As the weather cools off and the sun sets earlier, curling up with blankets and something warm to eat becomes more and more tempting. Cookouts are being replaced with slow cookers and picnics with cozy dinner parties. Fall weather also means you’ll want to spend less time standing in your kitchen, cooking. With seasonal produce switching from berries, tomatoes and cucumbers to squash, root vegetables and cabbage, menu-planning can become more challenging, too.
Luckily, the cool weather and fall vegetables offer the perfect solution for a soul-warming, one-pot meal everyone in your family will love: hearty, nutritious fall vegetable soup.
The benefits of soups made with vegetables that are in season this time of year are numerous. Fall and winter often lead to more hibernating, and the temptation to reach for simple carbohydrates can be strong. Couple this with less sunshine during the day – and less vitamin D – and nutrient-rich foods are more important than ever! These soups are full of potassium and vitamins A, C and D and added complex grains boost protein to the level of a meat-based entree – with much less work!
Fall soups also tend to be more filling than spring and summer soups, because the produce is richer and heartier, so they make a meal in and of themselves. And because they’re one-pot meals, you can prepare – or even cook! – them the night before, and heat them up when you get home from work or school or apple picking.
These three soup recipes will warm you up and free you up to enjoy all that fall has to offer, like the beautiful foliage and the crisp walking weather, while filling you up with all the nutrients your body needs this time of year.
Fall Vegetable Soup
This beautiful soup stars a cornucopia of fall vegetables and just about every nutrient you could want. Along with butternut squash, which is loaded with vitamins A and C, the soup features North Carolina’s own sweet potatoes, a powerhouse starchy vegetable that provides a good dose of fiber and slow-burning carbohydrates, ideal for maintaining satiety and blood sugar.
As if the colorful vegetables weren’t enough, this soup packs in protein and fiber through the addition of quinoa and chickpeas. No doubt, this dish will keep you full for hours after enjoying it!
Tip: instead of peeling the squash, which can be cumbersome, roast it in a 400-degree oven for 20-30 minutes until it is soft enough to halve and cut the flesh into cubes.
Hearty Kale and Bean Soup
This nutrient-packed recipe from our own Registered Dietitians features kale, a hardy fall vegetable full of vitamins K, A, B-6 and C, as well as omega-3 fatty acids. The fiber and antioxidant content of this leafy green makes it an excellent addition to any diet and lends to its classification as a “superfood” for those looking to prevent and/or manage chronic diseases like high cholesterol or even cancer.
The soup uses three kinds of beans that are packed with fiber and protein, adding texture and flavor, as well as a generous serving of garlic, which has been touted for its potential homeopathic benefits like fighting the common cold.
Since this hearty soup freezes wonderfully, feel free to make a double batch and freeze in zip-close bags to have a second easy lunch or dinner.

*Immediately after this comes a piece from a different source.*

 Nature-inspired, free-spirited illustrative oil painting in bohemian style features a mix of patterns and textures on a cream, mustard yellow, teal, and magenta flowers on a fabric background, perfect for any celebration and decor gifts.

Roasted Fall Vegetable Soup
The Roasted Fall Vegetable Soup is a two-step process, but neither step is labor-intensive, and the result is silky, heavenly and rich-tasting without being full of fat. A few hours or a day ahead of time, you’ll roast a colorful variety of fall vegetables, including potassium-rich red potatoes and the carrots your parents always told you to eat. Carrots are full of vitamin A and beta carotene, which really can benefit vision health and potentially prevent the development of conditions like macular degeneration! Roasting takes close to an hour, so put your vegetables in the oven and enjoy the fall weather for a while.

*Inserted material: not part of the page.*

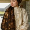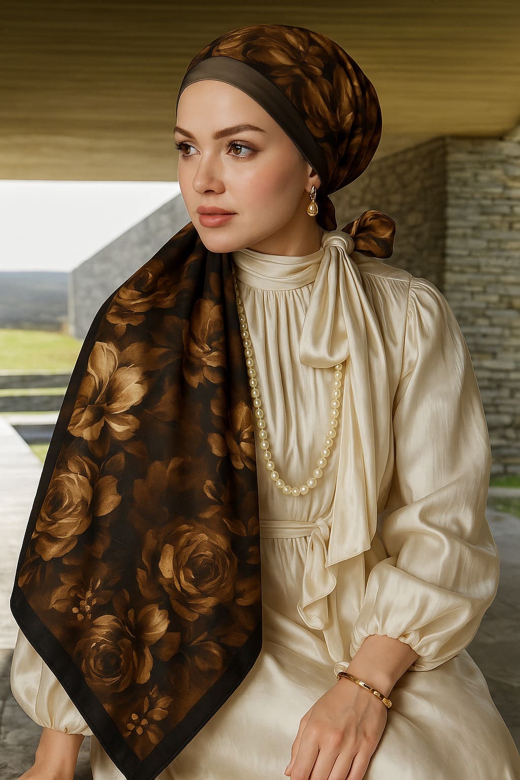 Gül Zarafeti Desen Pamuk İpek Şal-Karamel

Combine your roasted vegetables, including sweet and nutty roasted garlic in a blender and puree them with water before putting the mixture on the stove to heat through. Including prepping your vegetables for roasting, the entire process should take no more than two hours, with only about 20 minutes of actual handling time. The recipe yields a soup that’s creamy from the starchy vegetables without the addition of added calories from high-fat dairy products.
This soup, like all pureed soups, freezes perfectly in ice cube trays. Just pop out the frozen cubes and store them in freezer bags for perfectly portioned soup anytime you want it!
With fall vegetable soup recipes as easy, delicious and chock-full of nutrients as these, meal-planning will become your favorite fall activity. Well, maybe after apple-picking, that is.